Berners-Lee argues net neutrality case
Sir Tim Berners-Lee pushes his pro-net neutrality argument during a Government-held roundtable.
Web creator Sir Tim Berners-Lee argued the case for net neutrality during a Government-held roundtable yesterday.
Communications minister Ed Vaizey brought together industry and consumer groups, including the BBC and Facebook, to discuss the issue of an open internet.
"While transparency about traffic management policy is a good thing, best practices should also include the neutrality of the net," Berners-Lee said.
"The web has grown so fast precisely because we have had two independent markets, one for connectivity, and the other for content and applications."
Jim Killock, executive director of the Open Rights Group, and another attendee at the meeting, claimed internet service providers (ISPs) were "not putting forward anything that looks like meaningful self-regulation."
"In contrast with the US, where rules are being put in place through the FCC (Federal Communications Commission), or Norway where ISPs have agreed a meaningful code, our ISPs are not offering us what we and the UK economy needs," Killock said.
"If that continues to be the case, then Ed Vaizey will find himself with the task of breaking the log jam."
Another attendee was Dominique Lazanski, from campaign group the Big Brother Watch, who told IT PRO little was achieved at the meeting.
"There is nothing new on the net neutrality front - or rather nothing earth shattering," Lazanski said.
"Basically, Ed Vaizey and Ofcom are going to take a cautious approach on it and see how the voluntary code of practice goes."
The issue could escalate when, on 25 May, the EU Directive is set to make transparency on traffic management an obligation.
Ofcom is also due to release guidance on how it will look out for transparency breaches, among other open internet issues, Lazanski noted.
Despite the apparent stalemate at the meeting, which also featured the likes of Yahoo, Skype and Ofcom, Vaizey described the roundtable as "productive."
Vaizey previously voiced a preference for a two-tier internet, saying ISPs should be allowed to manage their networks and charge content providers and users for faster access.
Yesterday, he praised the move by a number of ISPs to be more transparent with their traffic management.
Earlier this week, BT, Virgin Media and Sky were amongst a host of companies who signed up to a new code of practice, drafted by the Broadband Stakeholders Group (BSG), to reveal how they restrict broadband speeds.
"It is good to see that industry has taken the lead on agreeing greater transparency for their traffic management policies," Vaizey said.
"I am pleased that someone with the expertise of Sir Tim has agreed to work with industry on expanding that agreement to cover managing and maintaining the open internet."
The communications minister said the agreement should ensure users could access all legal content, whilst no discrimination against content providers on the basis of commercial rivalry should exist.

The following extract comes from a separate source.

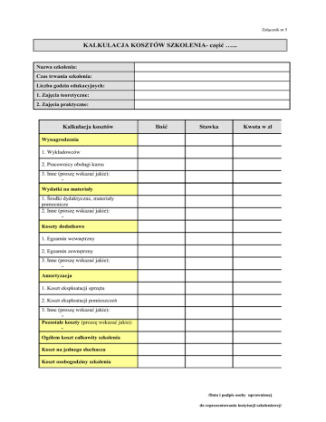 Załącznik nr 5 KALKULACJA KOSZTÓW SZKOLENIA- część …... Nazwa szkolenia: Czas trwania szkolenia: Liczba godzin edukacyjnych: 1. Zajęcia teoretyczne: 2. Zajęcia praktyczne: Kalkulacja kosztów Ilość Stawka Kwota w zł Wynagrodzenia 1. Wykładowców 2. Pracownicy obsługi kursu 3. Inne (proszę wskazać jakie): Wydatki na materiały 1. Środki dydaktyczne, materiały pomocnicze 2. Inne (proszę wskazać jakie): Koszty dodatkowe 1. Egzamin wewnętrzny 2. Egzamin zewnętrzny 3. Inne (proszę wskazać jakie): Amortyzacja 1. Koszt eksploatacji sprzętu 2. Koszt eksploatacji pomieszczeń 3. Inne (proszę wskazać jakie): Pozostałe koszty (proszę wskazać jakie): Ogółem koszt całkowity szkolenia Koszt na jednego słuchacza Koszt osobogodziny szkolenia /Data i podpis osoby uprawnionej do reprezentowania instytucji szkoleniowej/

Furthermore, traffic management policies should be clear and transparent, Vaizey added.
Following the meeting, BSG chief executive (CEO) Antony Walker said any decision on net neutrality should be "based on the realities of what is happening in the UK market, rather than what is happening elsewhere in the world."
"The challenge ahead is to build a common view on how we safeguard the benefits of the open internet whilst also ensuring ongoing investment and innovation," he added.